SAGEAgent Reduces Diagnostic Burden in Multimodal Cancer Survival Prediction

Chongyu Qu, Can Cui, Zhengyi Lu, Junchao Zhu, Tianyuan Yao, Junlin Guo, Juming Xiong, Yanfan Zhu, Yuechen Yang, Bennett A. Landman, Yuankai Huo· July 13, 2026 View original

Summary

SAGEAgent is an LLM-based clinical agent that sequentially decides which diagnostic modalities to acquire for cancer patients, balancing predictive accuracy with clinical invasiveness. It uses clinical tools, episodic memory, and semantic memory to achieve competitive survival prediction while significantly reducing diagnostic burden.

This research introduces SAGEAgent, an innovative AI agent designed for multimodal clinical oncology. Its purpose is to optimize the diagnostic process for cancer patients by intelligently deciding which tests or "modalities" to acquire.
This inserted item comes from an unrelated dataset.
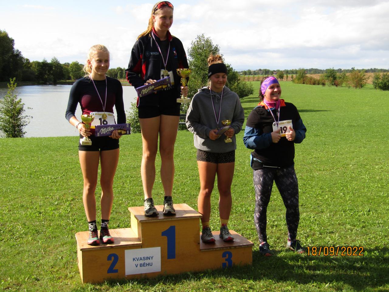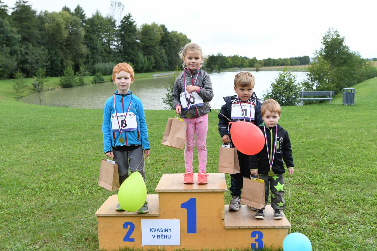 Již 4.ročník závodu Kvasiny v běhu přivítal malé i velké sportovce v neděli 18.září 2022 v areálu obecního rybníka. Nejmenší závodníci se vydali na modrou, balónkovou trasu kolem stromů u rybníka 300m dlouhou. Děti starší 6-ti let na zelenou, která měřila 1,3km. Na ty zdatnější sportovce, zejména v zastoupení členů klubu Wikov SKI Skuhrov nad Bělou, čekala trasa žlutá s délkou 3,5km přes les Boroviny nebo červenou, která byla dlouhá 5km a vedla podél lesa Boroviny na Hamernici a zpět Kvasinami k rybníku. I přes nepříznivou předpověď počasí, která hlásila chladno a déšť si nakonec všichni užili i slunečné oblohy a pouze pár kapek v cíli, kde si ti nejrychlejší odnesli krásné poháry a každý účastník i sladkou odměnu. Děkujeme všem za účast!

Unlike traditional methods that assume all data is available or passively handle missing information, SAGEAgent actively reasons about the necessity of each subsequent diagnostic step, considering both its predictive value and the patient's burden. The agent leverages an LLM to process evolving patient states, translate numerical predictions into text, recall similar past cases from episodic memory, and accumulate decision patterns in semantic memory. Evaluated on a glioma cohort, SAGEAgent demonstrated comparable survival prediction accuracy while achieving a substantial 55% reduction in the average diagnostic burden. This approach addresses a critical challenge in clinical practice by making diagnostic workflows more efficient and patient-centric, potentially leading to faster, less invasive, and more cost-effective care.

Why it matters

This research offers a novel approach to optimizing diagnostic pathways in healthcare, potentially reducing patient burden and healthcare costs while maintaining predictive accuracy. Professionals in healthcare AI and clinical operations should note its potential for more efficient resource allocation.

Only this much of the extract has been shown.